Anyways about that porn site stuff, most days, software crack and serial number sites have a lot of advertising from other sites that deal with porn. Also pirated software sites do the same. That is the only way they stay alive, no one else who actually provide support for illegal activity like that, but porn sites.

dja2k

 

I'm very lucky. My wife see's it as 'bloke' stuff. She doesn't mind.

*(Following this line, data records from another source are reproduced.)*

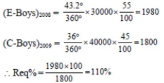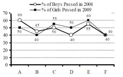 In the given pie -charts the distribution of passed students from six different colleges (A, B, C, D, E and F) of a city during the year 2008 and 2009 is given. In the line graph the percentage of boys passed in year 2008 and the percentage of girls passed in 2009 is shown. Answer the following questions based on these graphs.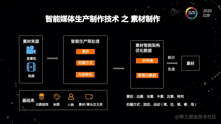 并且,我可能会根据我重复使用的一些原则和基准来去做我的挑选策略。我的素材源还是两类,大概分成两类,直播流和视频。然后经过视频智能生产的一个预处理,可以看到这个关注点跟原来成片制作是完全不同的。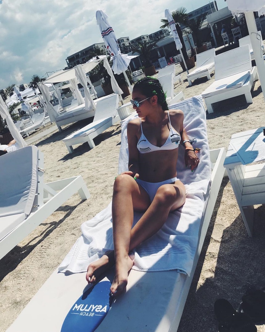 Alexia Eram, fiica Andreei Esca si a lui Alexandre Eram, a aparut la plaja intr-un costum de baie foarte sexy. Fiica Andreei Esca a atras toate privirile pe litoral.
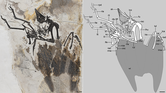 图2 有齿孟子鸟和李氏叉尾鸟头骨比较(王敏供图)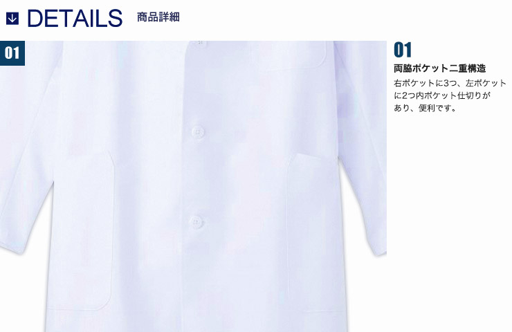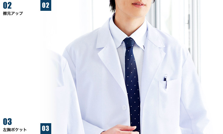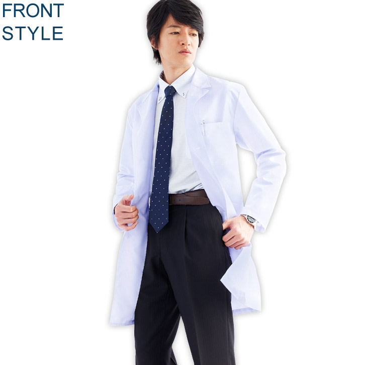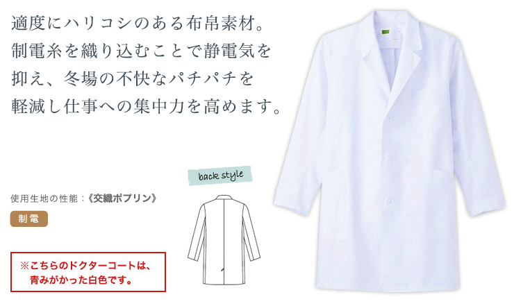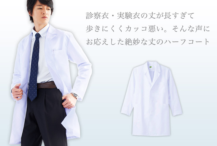 診察衣・実験衣の丈が長すぎて歩きにくい・カッコ悪い。 そんな声にお応えして、既存のロング丈より20cm短い絶妙な丈のメンズシングルハーフコート。 適度にハリコシのある布帛素材を使用しているため、制電糸を織り込むことで静電気を抑え、 冬場の不快なパチパチを軽減し仕事への集中力を高めます。

How lucky am i?

muf

 

I'm pretty settled on my security setup, but I'm also always on the look-out for somthin' new to try:

Belkin Pre-N Router w/ firewall & SPI enabled
OutPost Firewall Pro: Plugin's: AntiSpyware, Attack Detection, DNS Cache, HTTP Log.
NOD32: Scans C Drive daily
ewido 4.0 Plus: Scans C drive daily
Socket Shield 1.0
SSM 2.1.15.588 Paid Version
FD-ISR Instant System Recovery : Daily, Daily Archive & Weekly Archive B-U's
ATI Ver.3677 System Image : Daily & Weekly B-U's
Genie Back-Up Manager Pro Ver 7: File Back-Up : Daily & Weekly B-U's
Firefox: Adblock Plus, Adblock Filterset G. Updater, NoScript, CookieSafe, Tweak Network, Mr. Tech Local Install
IE 7 beta

...screamer

 

@screamer - why do u run daily scans on your disk? isnt it a bit much.